Output the full listing below exactly, without the pictures.

════════════════

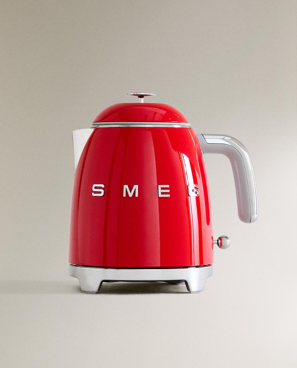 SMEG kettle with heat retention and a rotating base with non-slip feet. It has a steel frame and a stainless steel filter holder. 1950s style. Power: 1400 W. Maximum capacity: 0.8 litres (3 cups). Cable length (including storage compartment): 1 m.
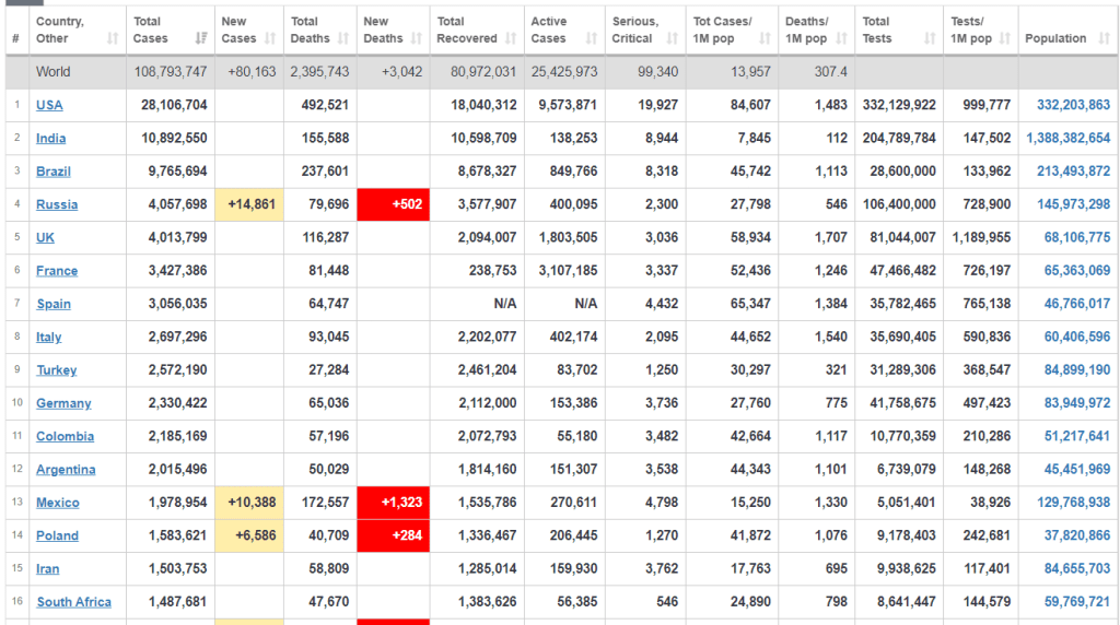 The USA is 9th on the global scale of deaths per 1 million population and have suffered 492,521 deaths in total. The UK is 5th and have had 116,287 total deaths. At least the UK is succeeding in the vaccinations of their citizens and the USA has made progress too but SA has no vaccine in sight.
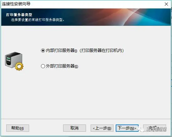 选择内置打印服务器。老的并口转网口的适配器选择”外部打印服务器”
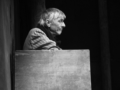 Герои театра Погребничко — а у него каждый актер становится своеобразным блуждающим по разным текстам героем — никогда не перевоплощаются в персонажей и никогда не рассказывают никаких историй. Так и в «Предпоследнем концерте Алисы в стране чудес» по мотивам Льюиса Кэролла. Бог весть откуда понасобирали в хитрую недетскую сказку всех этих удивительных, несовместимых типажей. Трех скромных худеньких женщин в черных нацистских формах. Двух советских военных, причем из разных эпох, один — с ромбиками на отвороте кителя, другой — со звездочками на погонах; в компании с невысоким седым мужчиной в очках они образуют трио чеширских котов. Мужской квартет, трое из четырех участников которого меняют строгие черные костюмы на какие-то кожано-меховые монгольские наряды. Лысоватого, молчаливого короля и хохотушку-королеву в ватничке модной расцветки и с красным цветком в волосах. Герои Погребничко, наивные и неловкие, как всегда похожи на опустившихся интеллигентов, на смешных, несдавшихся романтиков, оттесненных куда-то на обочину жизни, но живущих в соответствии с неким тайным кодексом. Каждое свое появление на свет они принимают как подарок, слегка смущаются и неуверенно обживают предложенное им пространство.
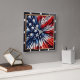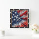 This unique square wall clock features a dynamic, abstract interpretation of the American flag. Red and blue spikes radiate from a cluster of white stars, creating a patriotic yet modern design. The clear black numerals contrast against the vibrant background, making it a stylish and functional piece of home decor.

════════════════

* _Response box_
 SMEG kettle with heat retention and a rotating base with non-slip feet. It has a steel frame and a stainless steel filter holder. 1950s style. Power: 1400 W. Maximum capacity: 0.8 litres (3 cups). Cable length (including storage compartment): 1 m.
 The USA is 9th on the global scale of deaths per 1 million population and have suffered 492,521 deaths in total. The UK is 5th and have had 116,287 total deaths. At least the UK is succeeding in the vaccinations of their citizens and the USA has made progress too but SA has no vaccine in sight.
 选择内置打印服务器。老的并口转网口的适配器选择”外部打印服务器”
 Герои театра Погребничко — а у него каждый актер становится своеобразным блуждающим по разным текстам героем — никогда не перевоплощаются в персонажей и никогда не рассказывают никаких историй. Так и в «Предпоследнем концерте Алисы в стране чудес» по мотивам Льюиса Кэролла. Бог весть откуда понасобирали в хитрую недетскую сказку всех этих удивительных, несовместимых типажей. Трех скромных худеньких женщин в черных нацистских формах. Двух советских военных, причем из разных эпох, один — с ромбиками на отвороте кителя, другой — со звездочками на погонах; в компании с невысоким седым мужчиной в очках они образуют трио чеширских котов. Мужской квартет, трое из четырех участников которого меняют строгие черные костюмы на какие-то кожано-меховые монгольские наряды. Лысоватого, молчаливого короля и хохотушку-королеву в ватничке модной расцветки и с красным цветком в волосах. Герои Погребничко, наивные и неловкие, как всегда похожи на опустившихся интеллигентов, на смешных, несдавшихся романтиков, оттесненных куда-то на обочину жизни, но живущих в соответствии с неким тайным кодексом. Каждое свое появление на свет они принимают как подарок, слегка смущаются и неуверенно обживают предложенное им пространство.
 This unique square wall clock features a dynamic, abstract interpretation of the American flag. Red and blue spikes radiate from a cluster of white stars, creating a patriotic yet modern design. The clear black numerals contrast against the vibrant background, making it a stylish and functional piece of home decor.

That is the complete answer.